# BRIEF:
Everything in the listing should be copied exactly, save for the pictures.

# DATA PROVIDED:
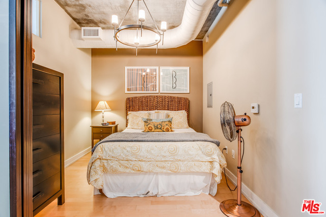 Looking for a spacious one-bedroom unit with lots of light and storage? This is the unit for you! One of the largest one-bedrooms in Market Lofts at almost 1,000 square feet, this upgraded unit has hardwood floors, a separated bedroom with sliding doors, track lighting, and plenty of built-in storage. The west-facing views provide abundant light and views of downtown LA buildings. Stainless steel appliances. In-unit washer/dryer. Market Lofts has all of the on-site amenities that you could want, including a swimming pool, spa, fitness center, clubhouse, movie screening room, and 24-hour security. Located above Ralphs and just a short walk to Petco, Whole Foods, many restaurants, and Staples Center. Set up an appointment to view today!
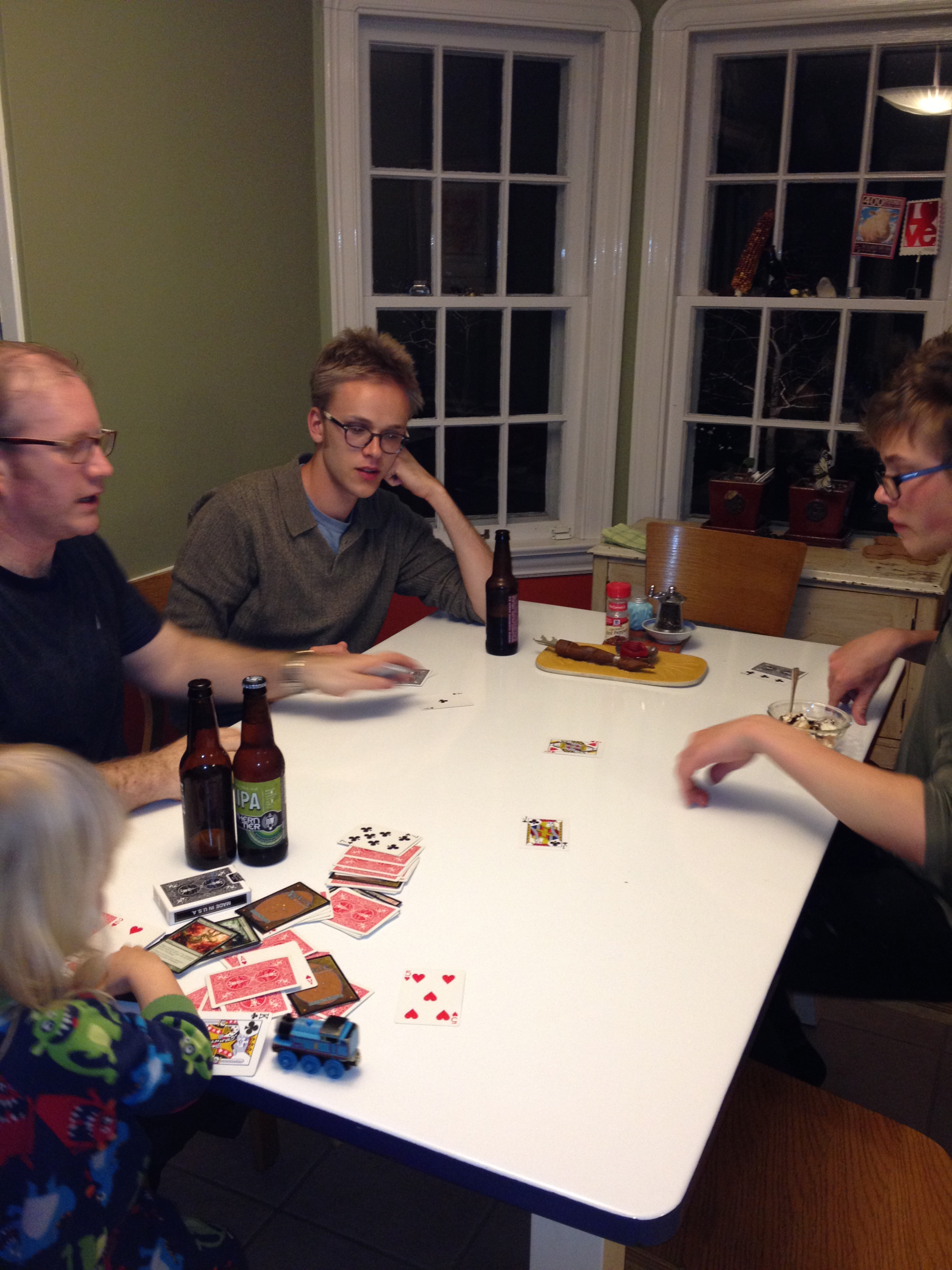 IMG_1583The removal of television from our home nearly twenty years ago now seems like a quaint notion, like closing a window on a capsizing boat to keep the water out. We had no idea of the technology that was coming, but getting rid of the television was absolutely the right thing to do. Regardless that four of us now have iPhones, that Claude and Hugo both have laptops of their own, we still keep the screen time pretty low. Line up my kids and ask them how they would most like to spend an evening at home with the family and I’ll give you 8 to 1 odds that they’ll pick sitting around playing cards or board games. Every time.
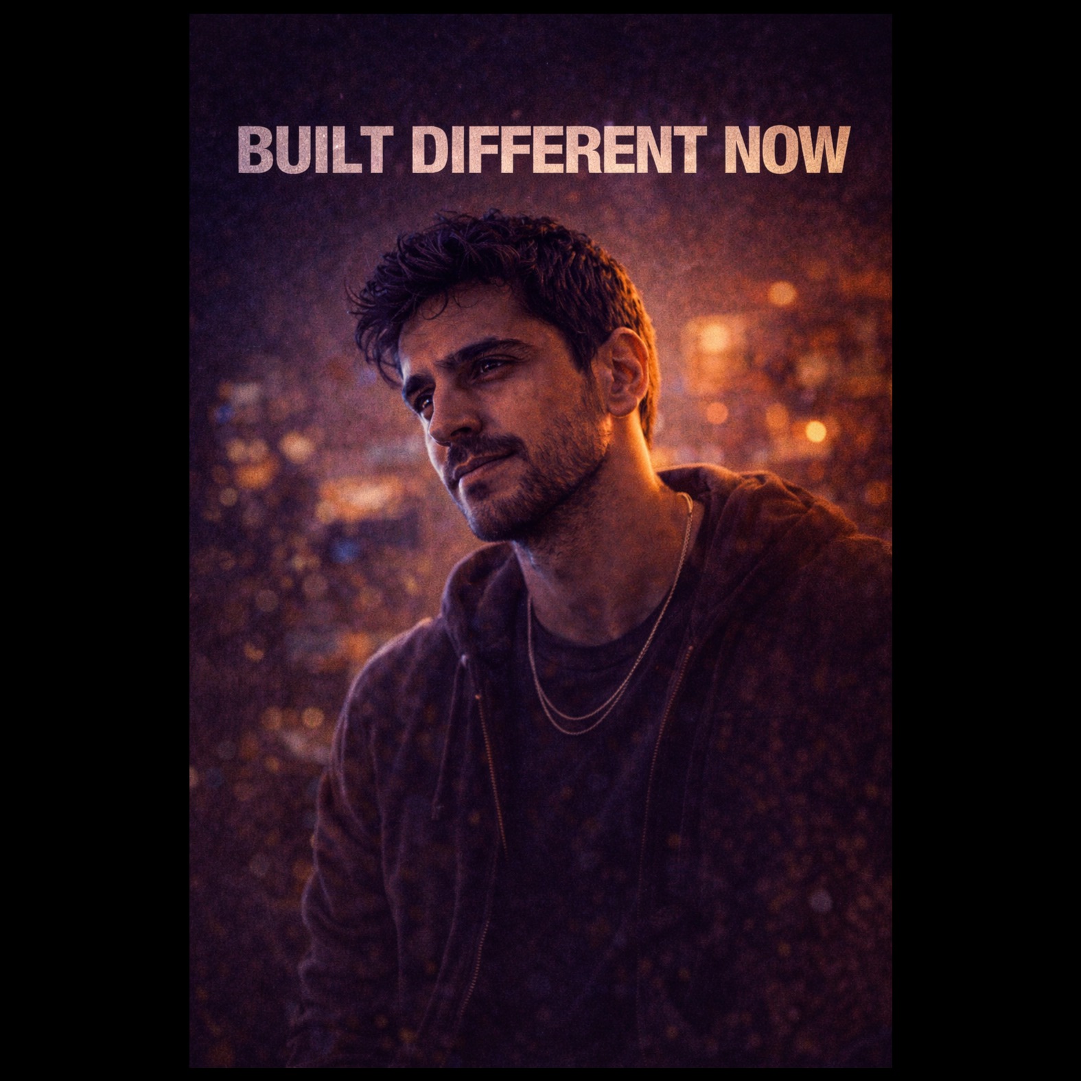 Groove-driven hip-hop soul with steady mid-tempo lift and subtle harmonic warmth; intimate close-mic male vocal with confident but softened melodic phrasing and layered hook harmonies; warm bass groove, tight snare and kick pocket, richer Rhodes chords with gentle upper-register accents, minimal percussive texture; wide stereo image, clean vocal presence, controlled low-end, smooth open highs; builds from grounded verse to fuller hook stacks → bridge slightly strips rhythm → final chorus blooms wider; ends steady, hopeful, and forward-moving, ‑heavy trap hats, ‑distortion, ‑cinematic strings, ‑choir layers
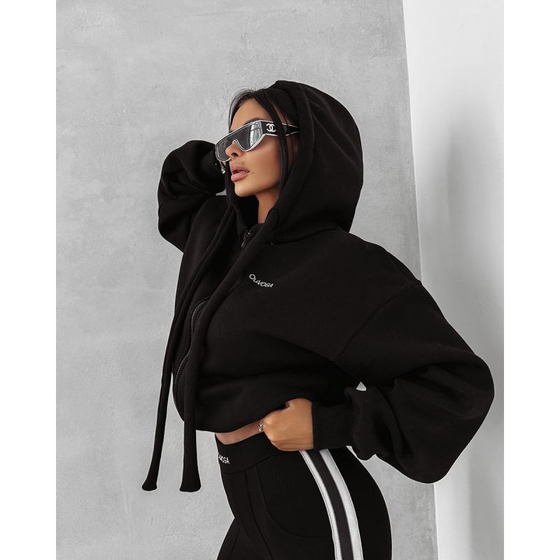 Casualowa, rozpinana bluza OLV, o krótszym kroju. Wykonana z miękkiej, przyjemnej w dotyku bawełny. Posiada oversize’owy krój z obniżoną linią ramion i szerokim ściągaczem w pasie. Z przodu subtelne logo marki OLAVOGA, a z tyłu duży napis „FEELINGS” (n.) THE MINDSET OF THE MOMENT. Obszerny kaptur i gruby sznurek.

# EXERCISE OUTPUT:
 Looking for a spacious one-bedroom unit with lots of light and storage? This is the unit for you! One of the largest one-bedrooms in Market Lofts at almost 1,000 square feet, this upgraded unit has hardwood floors, a separated bedroom with sliding doors, track lighting, and plenty of built-in storage. The west-facing views provide abundant light and views of downtown LA buildings. Stainless steel appliances. In-unit washer/dryer. Market Lofts has all of the on-site amenities that you could want, including a swimming pool, spa, fitness center, clubhouse, movie screening room, and 24-hour security. Located above Ralphs and just a short walk to Petco, Whole Foods, many restaurants, and Staples Center. Set up an appointment to view today!
 IMG_1583The removal of television from our home nearly twenty years ago now seems like a quaint notion, like closing a window on a capsizing boat to keep the water out. We had no idea of the technology that was coming, but getting rid of the television was absolutely the right thing to do. Regardless that four of us now have iPhones, that Claude and Hugo both have laptops of their own, we still keep the screen time pretty low. Line up my kids and ask them how they would most like to spend an evening at home with the family and I’ll give you 8 to 1 odds that they’ll pick sitting around playing cards or board games. Every time.
 Groove-driven hip-hop soul with steady mid-tempo lift and subtle harmonic warmth; intimate close-mic male vocal with confident but softened melodic phrasing and layered hook harmonies; warm bass groove, tight snare and kick pocket, richer Rhodes chords with gentle upper-register accents, minimal percussive texture; wide stereo image, clean vocal presence, controlled low-end, smooth open highs; builds from grounded verse to fuller hook stacks → bridge slightly strips rhythm → final chorus blooms wider; ends steady, hopeful, and forward-moving, ‑heavy trap hats, ‑distortion, ‑cinematic strings, ‑choir layers
 Casualowa, rozpinana bluza OLV, o krótszym kroju. Wykonana z miękkiej, przyjemnej w dotyku bawełny. Posiada oversize’owy krój z obniżoną linią ramion i szerokim ściągaczem w pasie. Z przodu subtelne logo marki OLAVOGA, a z tyłu duży napis „FEELINGS” (n.) THE MINDSET OF THE MOMENT. Obszerny kaptur i gruby sznurek.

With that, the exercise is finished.